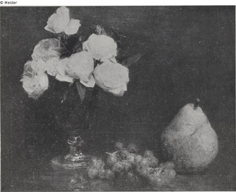 Cristal, roses blanches, raisin et poire / Kristall, weiße Rosen, Trauben und Birnen
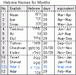 ユダヤ暦は紀元前3761年10月7日を紀元(創世紀元)とする太陰太陽暦で、閏月の挿入は19年に7回の頻度(メトン周期)で行われている。
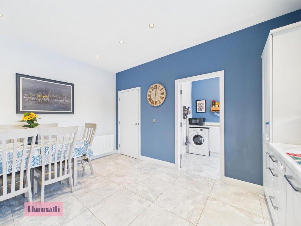 A bright kitchen/dining room with large tiled flooring and fresh white cabinetry contrasted by a deep blue accent wall. The kitchen is thoughtfully arranged with integrated appliances and plenty of storage. Adjacent to the kitchen is a utility room with matching flooring, fitted with essential appliances and a door leading outside.
++++++++
- [What you have to do]
Since only the text is needed, retype the data above exactly and omit the pictures.

- [Task result]
 Cristal, roses blanches, raisin et poire / Kristall, weiße Rosen, Trauben und Birnen
 ユダヤ暦は紀元前3761年10月7日を紀元(創世紀元)とする太陰太陽暦で、閏月の挿入は19年に7回の頻度(メトン周期)で行われている。
 A bright kitchen/dining room with large tiled flooring and fresh white cabinetry contrasted by a deep blue accent wall. The kitchen is thoughtfully arranged with integrated appliances and plenty of storage. Adjacent to the kitchen is a utility room with matching flooring, fitted with essential appliances and a door leading outside.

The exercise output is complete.